::: Data records
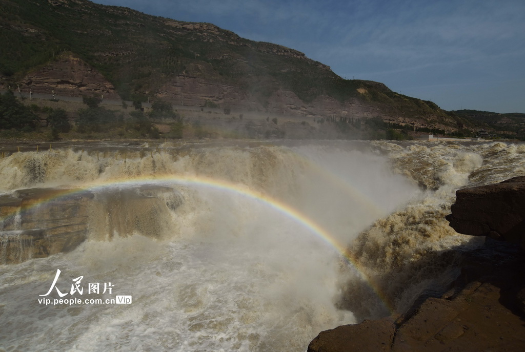 2020年6月4日,在山西省临汾市吉县拍摄的奔腾咆哮的黄河壶口瀑布。当日,受上游水库调节放水影响,黄河晋陕峡谷水量大增 ,每秒流量超过一千立方米,壶口瀑布再现百米壮美瀑布群景观,吸引了众多游客。吕桂明/人民图片
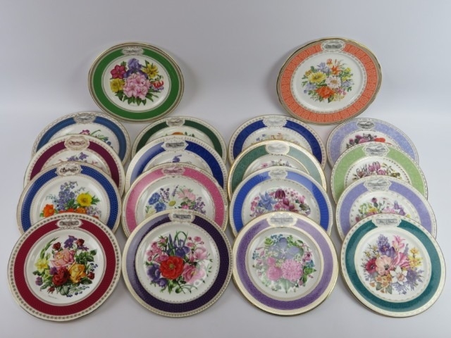 Eighteen Royal Horticultural Society Chelsea Flower Show plates. Dated between 1981 and 2001. (18 items) 25 cm widest diameter.
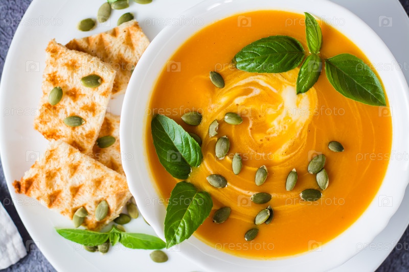 Готовый суп-пюре из тыквы с тыквенными семечками, листьями базилика и тостами в тарелке на столе. Вегетарианская пища. День Благодарения. Вид сверху. Крупный план
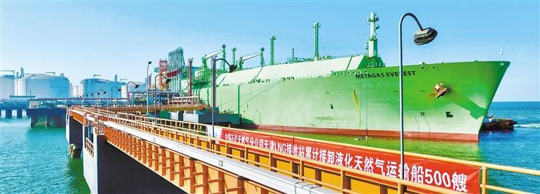 12月3日,“麦加”号液化天然气运输船靠泊天津LNG(液化天然气)接收站2号泊位,这是该站接卸的第500船液化天然气。自2018年投产至今,该站已累计接卸进口液化天然气3300万吨,有力保障了我国能源供应。 王 军摄 (中经视觉)
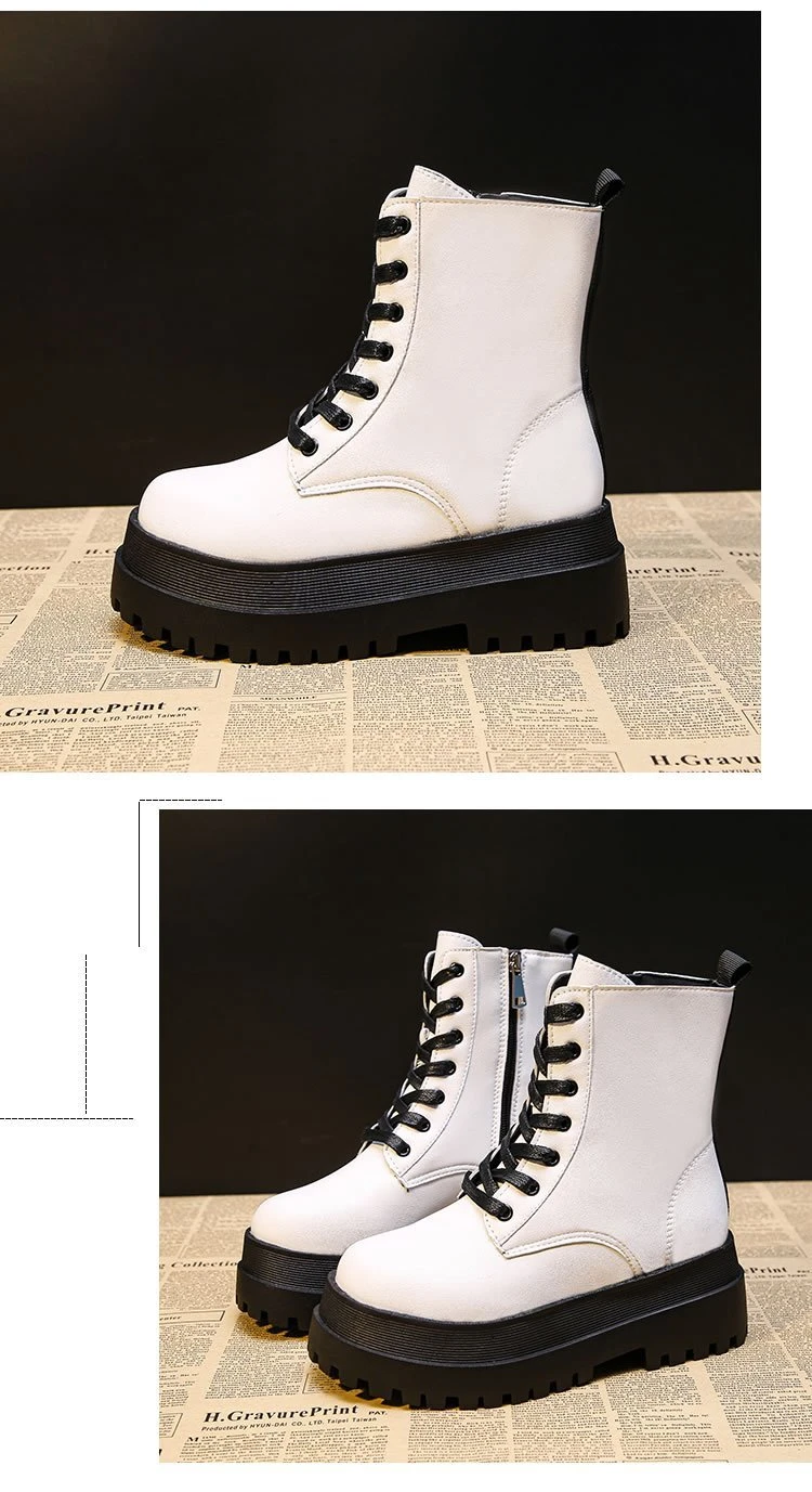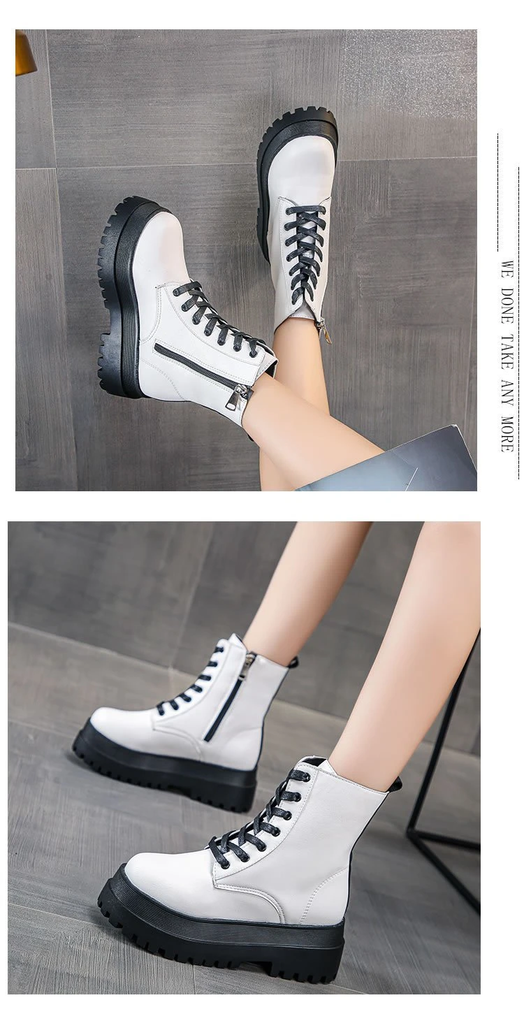 Ботинки женские из мягкой искусственной кожи, на платформе, белые, ...
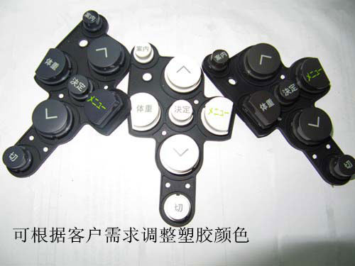 產(chǎn)品是出口日本的體重測量儀按鍵,主要是采用硅膠做成彈性襯托表面增加塑膠按鈕的一款P+R結構設計特點。表面的塑膠鍵帽可以根據(jù)客戶的需求進行顏色的調整,呈現(xiàn)多種多樣的硅膠制品外觀圖。
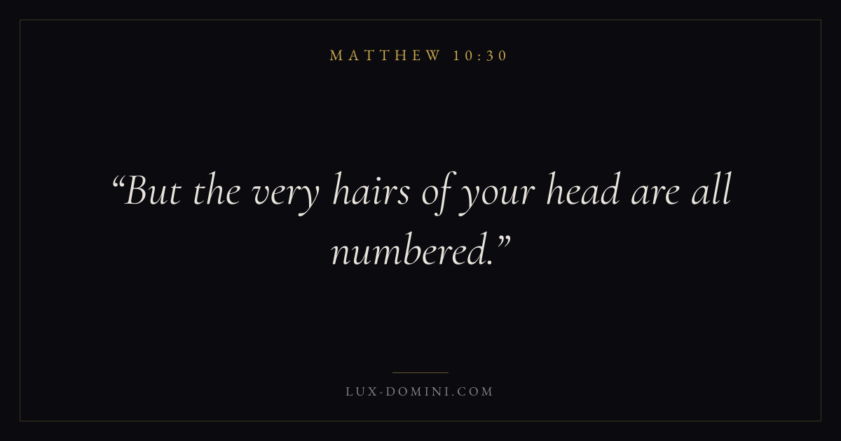 Books / Matthew / Chapter 10 / Verse 30 ← Matthew 10:29 Matthew 10:30 Matthew 10:31 → But the very hairs of your head are all numbered. Download verse card Share on Twitter Share on Facebook Pin it ✦ Key themes Eternal lifeFulfillmentKingdom of heavenDiscipleship Read with Matthew 10:29Matthew 10:31John 17:3John 11:25 Related topics Bible verses about eternal life ✦ Matthew Chapter 10 verses V. 1 V. 2 V. 3 V. 4 V. 5 V. 6 V. 7 V. 8 V. 9 V. 10 V. 11 V. 12 V. 13 V. 14 V. 15 V. 16 V. 17 V. 18 V. 19 V. 20 V. 21 V. 22 V. 23 V. 24 V. 25 V. 26 V. 27 V. 28 V. 29 V. 30 V. 31 V. 32 V. 33 V. 34 V. 35 V. 36 V. 37 V. 38 V. 39 V. 40 V. 41 V. 42
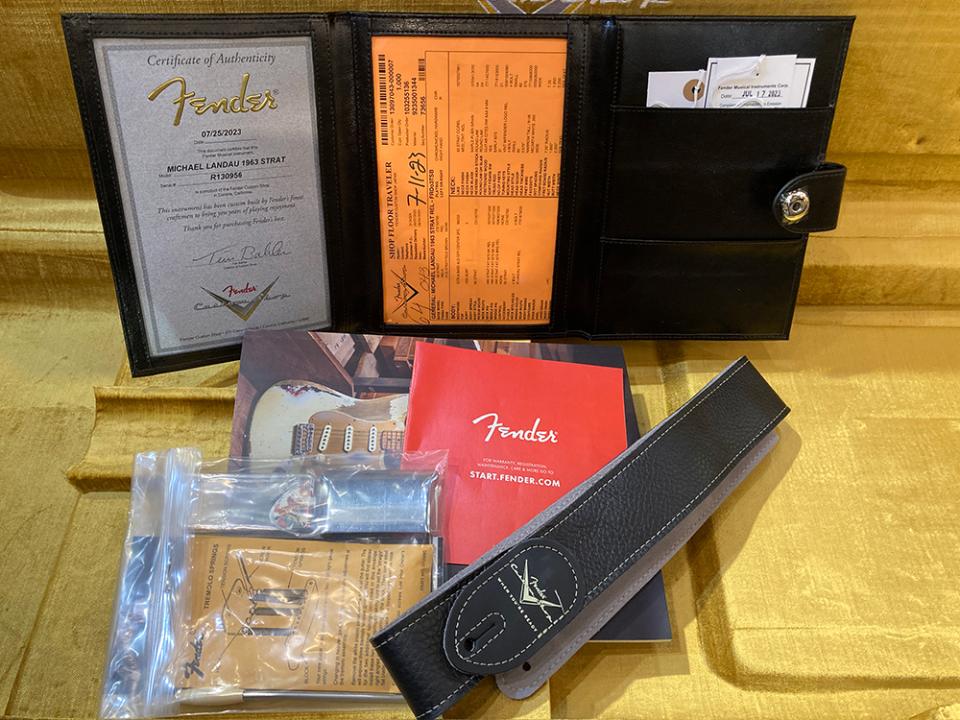 フェンダーカスタムショップ・アーティスト・コレクション、マイケル・ランドウ・ストラトキャスターは、ランドウ自身が所有している 1963年製ストラトキャスターを基に製作。スモールヘッド仕様の1963ストラトはフィエスタ・レッド/3トーン・サンバーストのマルチレイヤー・フィニッシュとなっている。そしてユニークなネック形状、ニトロセルロース・ラッカー・フィニッシュ、ラウンド・ラミネート・ローズウッド・7.25インチ・ラジアス指板、6105フレット、カスタム・ピックアップ、カスタム・ヴィンテージ・スタイル・トレモロ・ブリッジを採用しています。
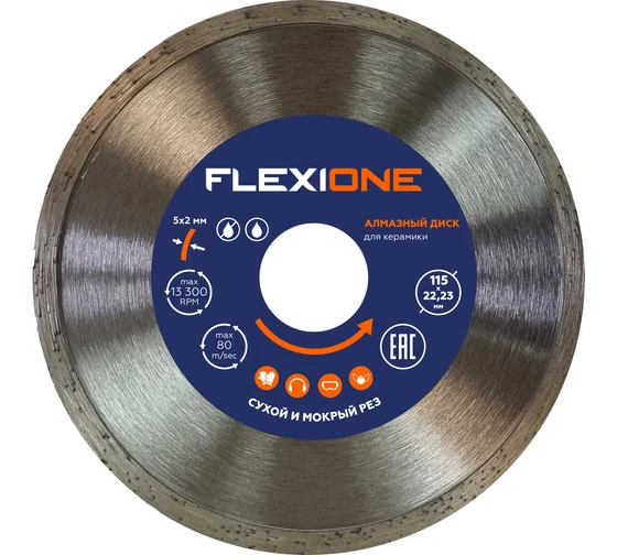 Алмазный диск со сплошной кромкой 115х22.23 мм для керамической плитки Flexione 50000415
::::::
■ Task brief:
Retype the records above word for word, from their first line through the line containing "產(chǎn)品是出口日本的", and leave out every picture.

■ Written reply:
 2020年6月4日,在山西省临汾市吉县拍摄的奔腾咆哮的黄河壶口瀑布。当日,受上游水库调节放水影响,黄河晋陕峡谷水量大增 ,每秒流量超过一千立方米,壶口瀑布再现百米壮美瀑布群景观,吸引了众多游客。吕桂明/人民图片
 Eighteen Royal Horticultural Society Chelsea Flower Show plates. Dated between 1981 and 2001. (18 items) 25 cm widest diameter.
 Готовый суп-пюре из тыквы с тыквенными семечками, листьями базилика и тостами в тарелке на столе. Вегетарианская пища. День Благодарения. Вид сверху. Крупный план
 12月3日,“麦加”号液化天然气运输船靠泊天津LNG(液化天然气)接收站2号泊位,这是该站接卸的第500船液化天然气。自2018年投产至今,该站已累计接卸进口液化天然气3300万吨,有力保障了我国能源供应。 王 军摄 (中经视觉)
 Ботинки женские из мягкой искусственной кожи, на платформе, белые, ...
 產(chǎn)品是出口日本的體重測量儀按鍵,主要是采用硅膠做成彈性襯托表面增加塑膠按鈕的一款P+R結構設計特點。表面的塑膠鍵帽可以根據(jù)客戶的需求進行顏色的調整,呈現(xiàn)多種多樣的硅膠制品外觀圖。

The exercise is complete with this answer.